Alpha. Eleven ending-conditioned noun classes across 11 cases, covering the major
Malayalam noun shapes, with every encoded form native-ratified (`verified=True`); shapes
outside the supported classes raise rather than guess. Five classes (`am_neuter` മരം,
`vowel_anuswara` കലാം, `i_vowel`
കുട്ടി/സ്ത്രീ, `u_vowel` പശു, `ṭ_geminate` വീട്) are complete in singular and plural;
`a_stem` (അമ്മ) and the chillu classes (`അവൻ`, `മകൾ`, `കാർ`, `കാൽ`, `തൂൺ`) are
singular-complete; their plurals are animacy-conditioned across the full paradigm
(inanimate `-കൾ`/`-ഉകൾ`, human `-മാർ`/`-ന്മാർ`/`-കാർ`, animate `-കൾ`).
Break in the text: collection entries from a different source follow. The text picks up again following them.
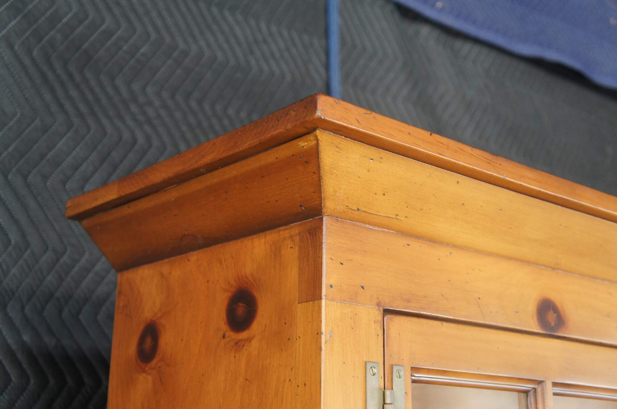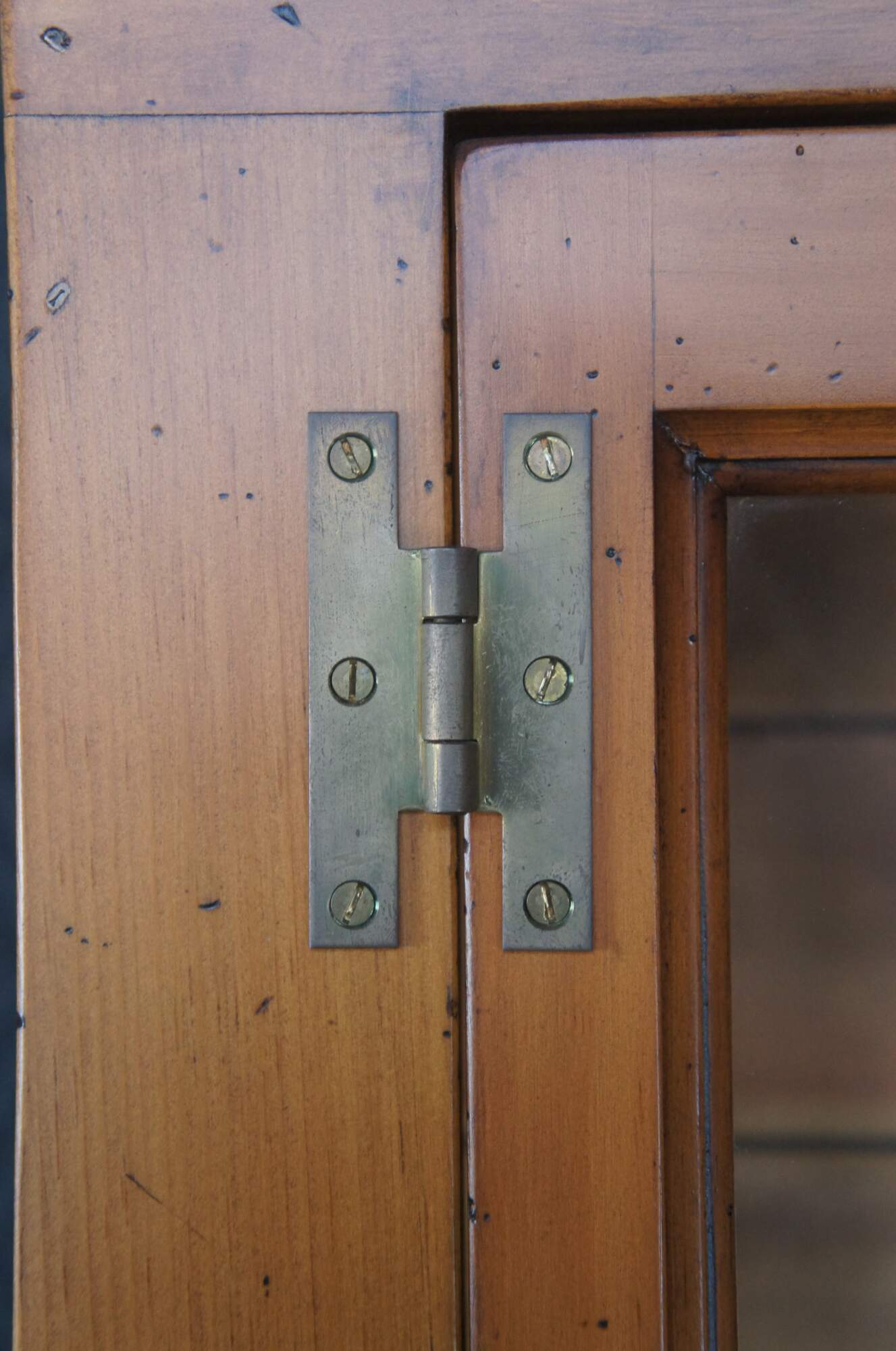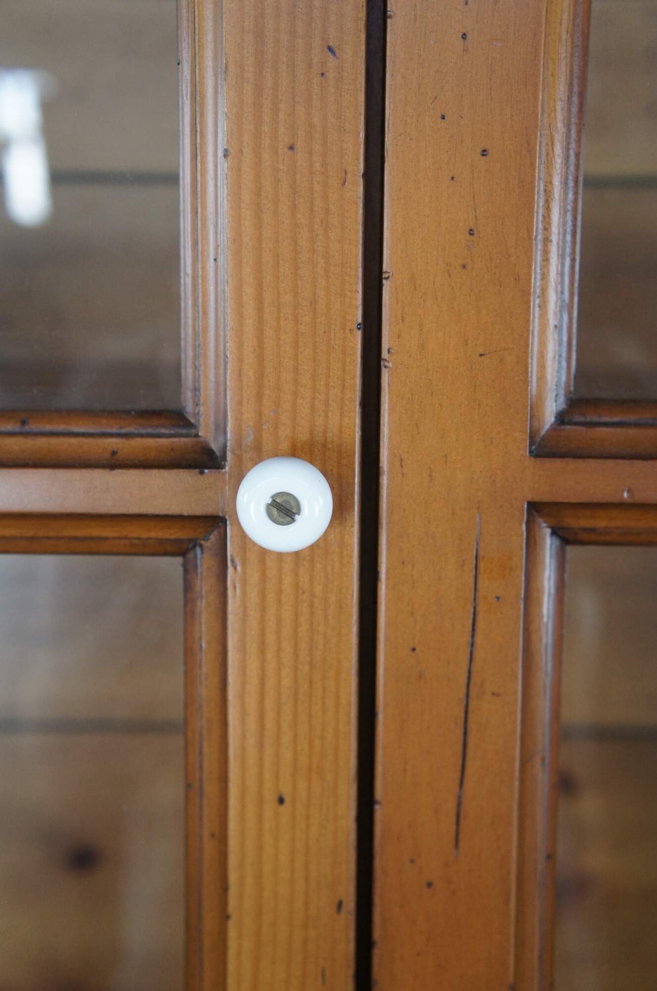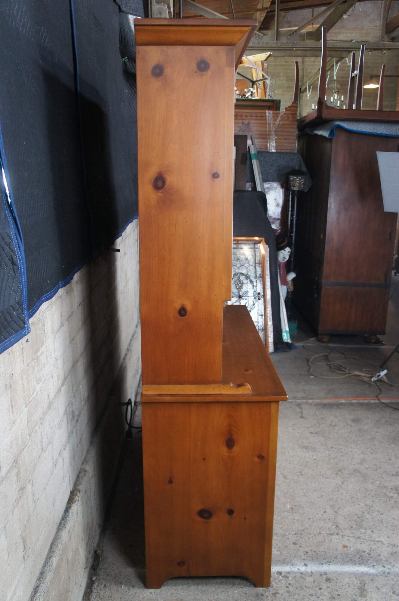 This beautiful display cabinet is great for serving and storage. Made from solid pine with an upper glass display, brass ""H"" hinges and porcelain knobs. Features three drawers over lower cabinets for storage. Hutch is illuminated.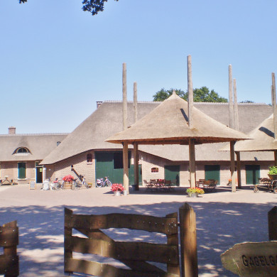 Boerderij, grijsgepleisterd met rieten dak en v.m. karnmolen, dwarshuistype. Keuken met tegeltableaux, goed intact.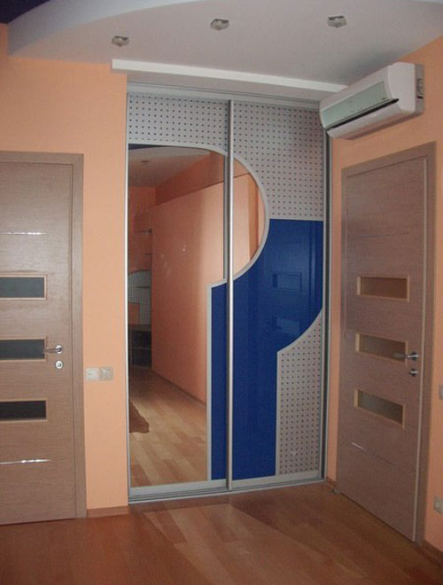 Небольшой шкаф-купе станет оптимальным вариантом в прихожую. Модель выполнена в сочетании синего и серебристого цветов, основная часть фасада изготовлена из зеркального материала. Две раздвижные створки двигаются бесшумно и легко.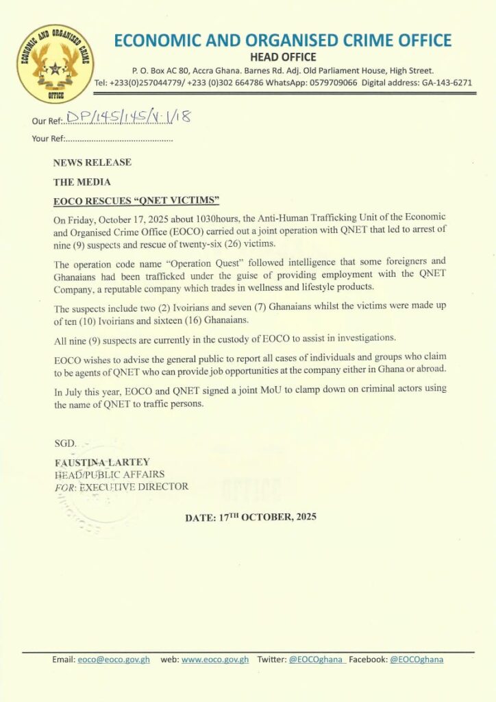 This operation follows a Memorandum of Understanding signed in July 2025 between EOCO and QNET aimed at cracking down on criminal networks misusing QNET’s name to perpetrate human trafficking and related offences.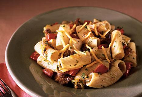 Προθερμαίνουμε το φούρνο στους 200 βαθμούς. Ανακατεύουμε το κρεμμύδι, τις κόκκινες πιπεριές και το σκόρδο με 1 κουταλιά της σούπας ελαιόλαδο και ψήνουμε για 25 λεπτά, ανακατεύοντας περιστασιακά. Αφαιρούμε την εξωτερική μεμβράνη από τα λουκάνικα, λιώνουμε το εσωτερικό και σοτάρουμε μέχρι να πάρει ένα καφέ χρώμα. Αφαιρούμε από το σκεύος και στραγγίζουμε από το λίπος σε χαρτί κουζίνας. Καθαρίζουμε το σκεύος από το λίπος και επαναφέρουμε τη γέμιση από τα λουκάνικα. Προσθέτουμε τη μπύρα και αφήνουμε να πάρει μία βράση. Μαγειρεύουμε μέχρι να εξατμισθεί η μπύρα. Βράζουμε τα ζυμαρικά σε αρκετό νερό με αλάτι, στραγγίζουμε και κρατάμε ½ κούπα από το νερό που βράσανε. Αφαιρούμε τα ψημένα λαχανικά από το φούρνο και ανακατεύουμε με την ψίχα από τα λουκάνικα, το βασιλικό, τα ζυμαρικά και 1 κούπα από το τριμμένο τυρί. Αν χρειαστεί, προσθέτουμε και λίγο από το νερό που βράσαμε τα ζυμαρικά, προκειμένου να δημιουργήσουμε ένα υδαρές μείγμα. Πασπαλίζουμε με το υπόλοιπο τυρί και σερβίρουμε όσο είναι ζεστά.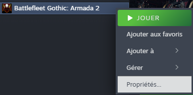 2. Une fois le téléchargement terminé, décompressez-le sur le bureau ou dans un autre dossier. Ensuite, ouvrez Steam, trouvez *Battlefleet Gothic: Armada 2*, faites un clic droit et sélectionnez « Propriétés ».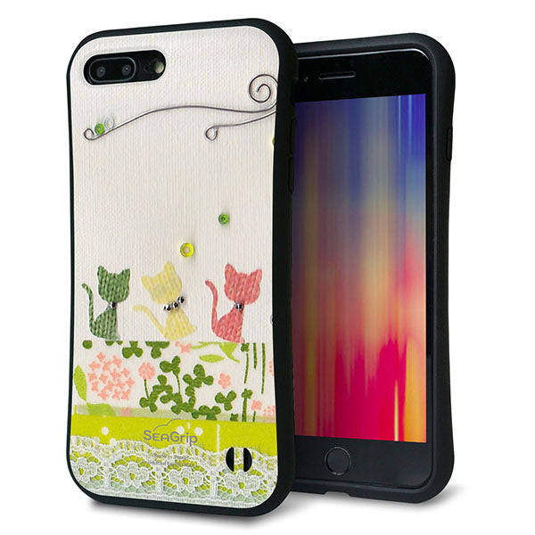 iPhone8 PLUS スマホケース 「SEA Grip」 グリップケース Sライン 【1106 クラフト写真 ネコ (ワイヤー2) 】 UV印刷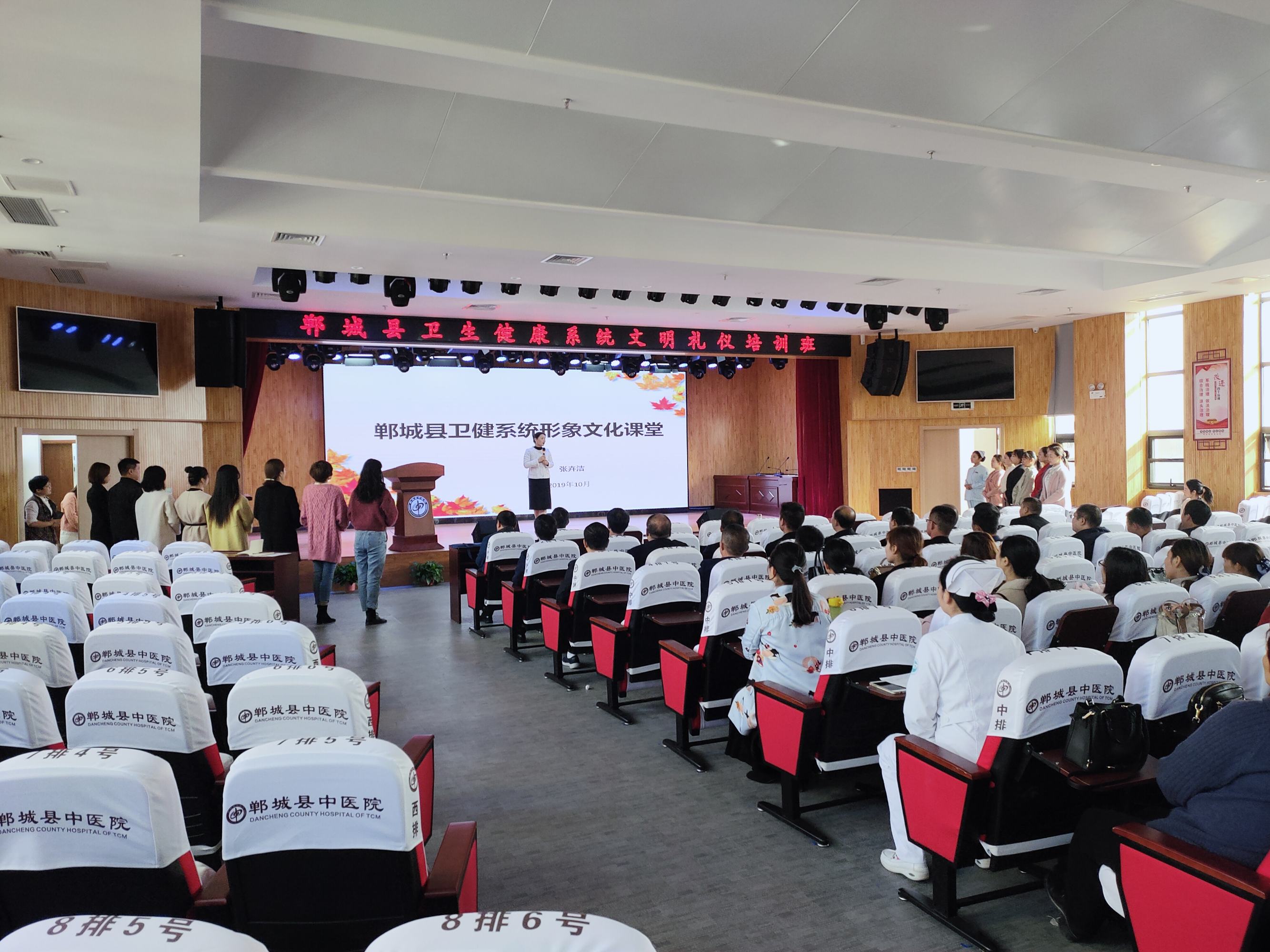 為一步提升全縣衛(wèi)健系統(tǒng)醫(yī)護(hù)人員綜合素質(zhì),打造鄲城衛(wèi)健系統(tǒng)形象新名片,10月28日,鄲城縣衛(wèi)健委在縣中醫(yī)院學(xué)術(shù)報告廳舉辦衛(wèi)健系統(tǒng)文明禮儀培訓(xùn)班。四家醫(yī)療健康服務(wù)集團分管醫(yī)改、健康促進(jìn)、健康扶貧副院長、護(hù)理部主任、護(hù)士長,各鄉(xiāng)鎮(zhèn)衛(wèi)生院院長、護(hù)士長和各單位選拔的講解員共計120多人參加了培訓(xùn)活動。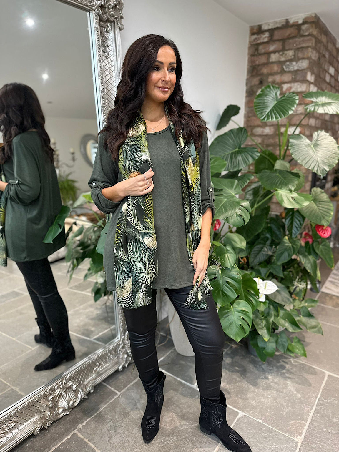 Styled with.....>Black Floral Detail Western Boots/ Black Coated Trousers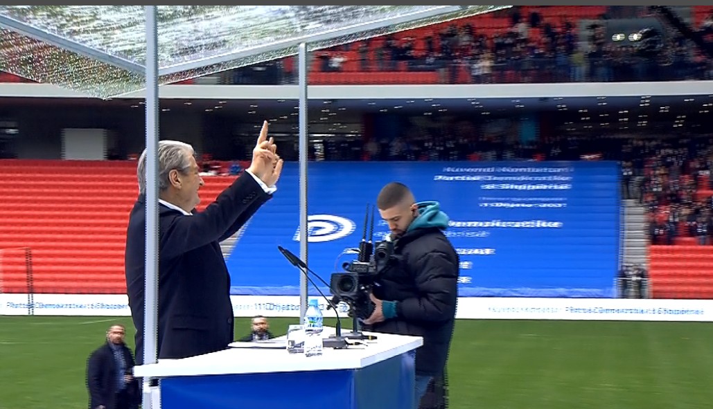 “Të dashur delegatë dhe delegate të Kuvendit më madhështor, më të bukur, më triumfues, më mahnitës, në historinë e pluralizmit shqiptar në këto 30 vite. Kuvendi që mblidhet si monument i lirisë shqiptare, Kuvendit që mblidhet si monument i rithemelim të PD. Kuvendit që mblidhet si monument madhështor i rithemelimit të PD-së. Kuvendit të parë në histori të kultit të anëtarit të PD, të kultit të lirisë, të anëtarit të lirë. Qytetarë shqiptarë ju përshëndet sot nga kjo platformë me të cilën ne vendosim që të rithemelojmë forcën e madhe politike të PD”, tha Berisha.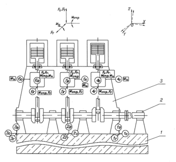 При этом в качестве обобщенных координат qj рассматривалось относительное движение деталей сопряжений в поле зазора и угол поворота колен вала. Зазоры учитывались в узлах "поршень-цилиндр", "башмак крейцкопфа-направляющая", а также в крейцкопфном и шатунном подшипниках скольжения. Введение в уравнения движения реактивной составляющей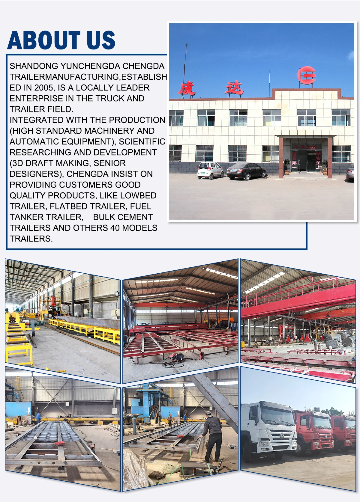 We are professional truck manufacturing factory that has been in existence for 18 years.Every manufacture link,lowbed semi trailers carefully welded.Dump truck is our super star product.Every year we export hundred of dump truck to our target market like Africa Asia South America.Through professional research,now we are top supplier for dump trucks.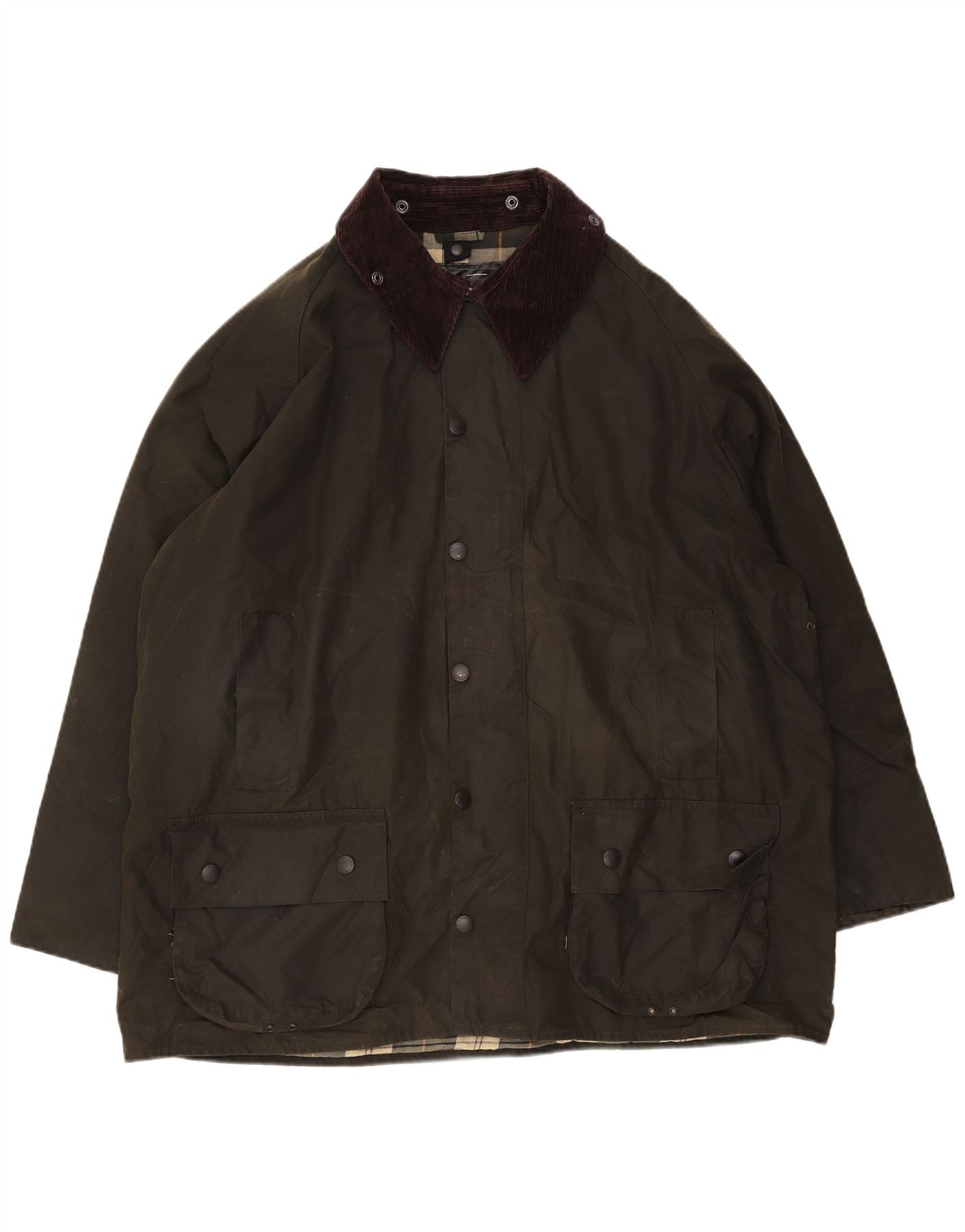 - Descrição da IA: Esta jaqueta masculina de algodão encerado Barbour é confeccionada em algodão encerado verde durável, oferecendo resistência à água. Possui uma gola de veludo cotelê distinta em tom contrastante. O clássico decote com gola e mangas compridas proporcionam uma silhueta atemporal. Um fecho de botão completo protege a frente. Vários bolsos utilitários melhoram seu design prático. O ajuste regular garante um uso confortável. Os botões tonais servem como um destaque sutil, complementando a estética geral robusta.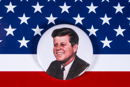 LONDON, UK - APRIL 27TH 2018: A John F. Kennedy badge pictured over the USA Flag, on 27th April 2018. John F Kennedy was the 35th President of the United States of America.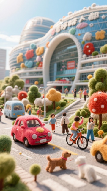 软3D风微缩艺术场景,毛发生长质感的卡通城市,梦幻清新中透着温馨趣味,萌趣人物与萌宠共绘可爱日常。

Suppletive personal
pronouns (ഞാൻ, നീ, അവർ, നാം, താൻ, ഇവൻ) are handled through an exception table rather than
the rule engine. A `derive_feminine` helper builds a feminine lemma from a masculine base
(എഴുത്തുകാരൻ → എഴുത്തുകാരി) before inflection. Includes differential object marking and a
synthetic/colloquial register for the instrumental. Clitics (`-ഉം`, `-ഓ`, `-തന്നെ`) attach
via `with_clitic`. Verbs (`synthesize_verb`) cover the finite forms: present, future, past
(allomorphy by ending plus an irregular lexicon), negation, imperative, and a few moods.
See [`LIMITATIONS.md`](LIMITATIONS.md) for the precise gaps. Postpositions, stylistic
variants, and verb aspects/participles/voice are future work.

## Install

```bash
pip install mlinflect
# from source:
pip install -e ".[dev]"
```

## License

Apache-2.0. See `LICENSE` and `NOTICE`. Contributions are accepted under Apache-2.0
§5 (inbound = outbound); no separate CLA is required.

Linguistic sources are credited in `REFERENCES.md`.